Mildly off topic - For oxadiazon - there is both the granular and the water soluble powder option.

The Ronstar label for granular says it is safe to apply to existing turf, while the WSP label seems to omit that same remark, yet both can be applied for sprigging bermuda grass. My understanding (even though it isn't on the label) is that the WSP can be applied to existing turf, with the assumption that it has to be IMMEDIATELY irrigated to prevent damage to the turf. I don't understand how both products can be safe to apply to live turf when sprigging yet only the granular is labeled for use on a full turf stand. Am I missing something? Why aren't both labeled for the same application?


----------



## Greendoc

Unless Ronstar WP is instantly and completely washed off of the grass, it will scorch turf badly. Even Ronstar G will scorch turf unless immediately watered in.


----------



## Movingshrub

@Greendoc - Then how are they able to be used for sprigging without doing damage?


----------



## Greendoc

Not enough turf canopy to retain it. Majority of the application hits soil.


----------



## ThomasPI

Following for future reference.


----------



## hsvtoolfool

pennstater2005 said:


> Preen coupled with thicker pine bark nuggets suppresses my weeds nearly completely all year.

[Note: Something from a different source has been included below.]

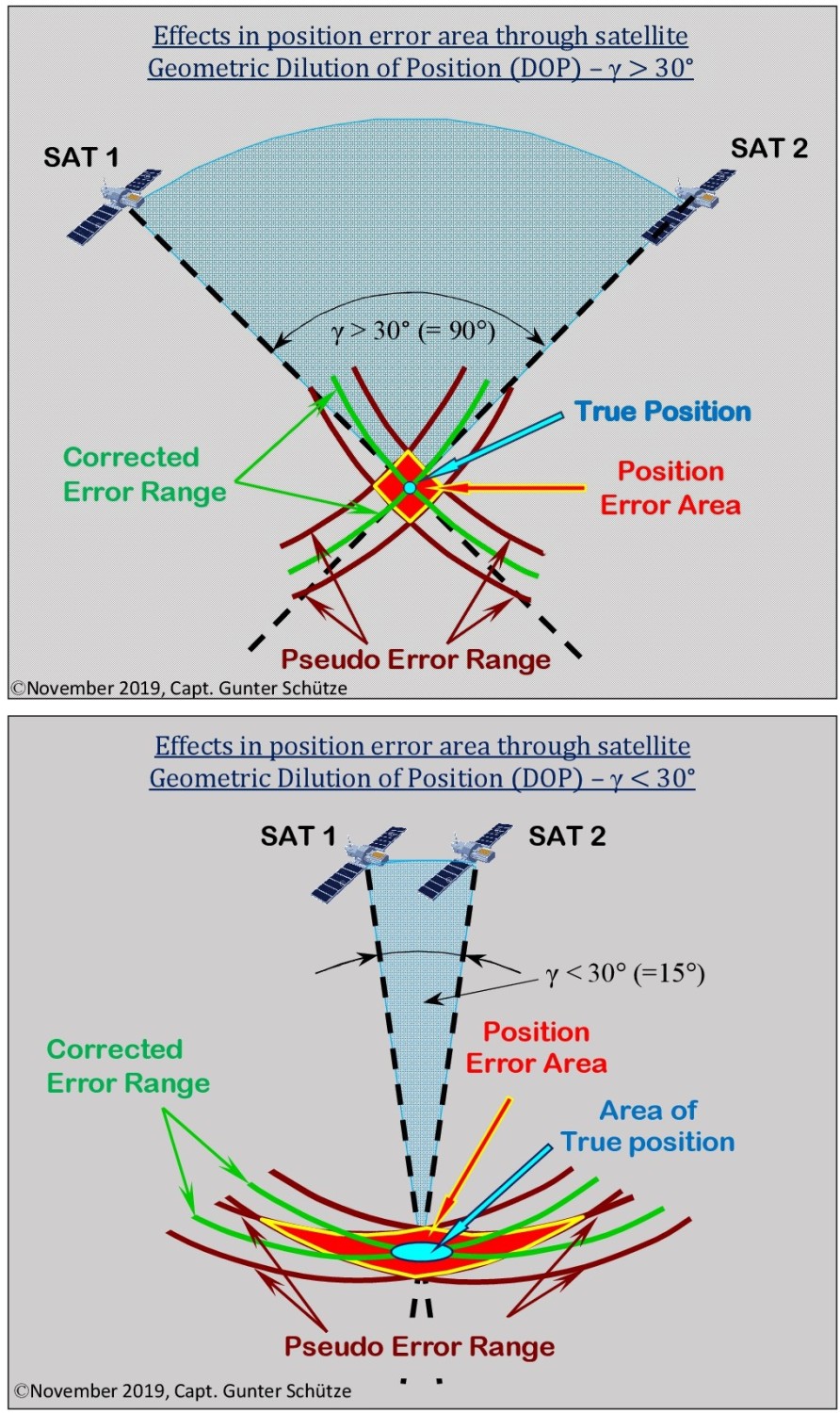 The more acute the angles between the satellites observed, the less accurate the position determined. The background to this is that the intersections of the distance lines of corrected distance and pseudo-error removal result in large error areas in comparison to distance angles of > 30 °.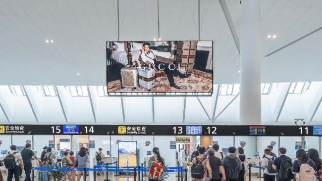 - 廣州機(jī)場(chǎng)出發(fā)安檢大廳高空墻面廣告牌投放,廣州白云機(jī)場(chǎng)廣告2025-09-22

Mega dittos on this. I strongly believe that deep mulch not only helps keep weeds down, but also makes weeding almost effortless. Couple that with a good Pre-M barrier, and mulch beds are not the burden that I used to dislike. I used Preen Extended in late Spring, but I'll get a bag of Snapshot this Fall.


----------



## chadh

How are you all spreading this? Hand spreader?


----------



## hsvtoolfool

Yep, hand crank spreader. Fast and precise.


----------



## CenlaLowell

I will be following this. I used another preen model and it did not work.


----------



## 1028mountain

My wife uses preen (buys the 16lb ones) and its worked well for our gardens. Of course a weed here and there that gets pulled by hand but overall I am happy with it.


----------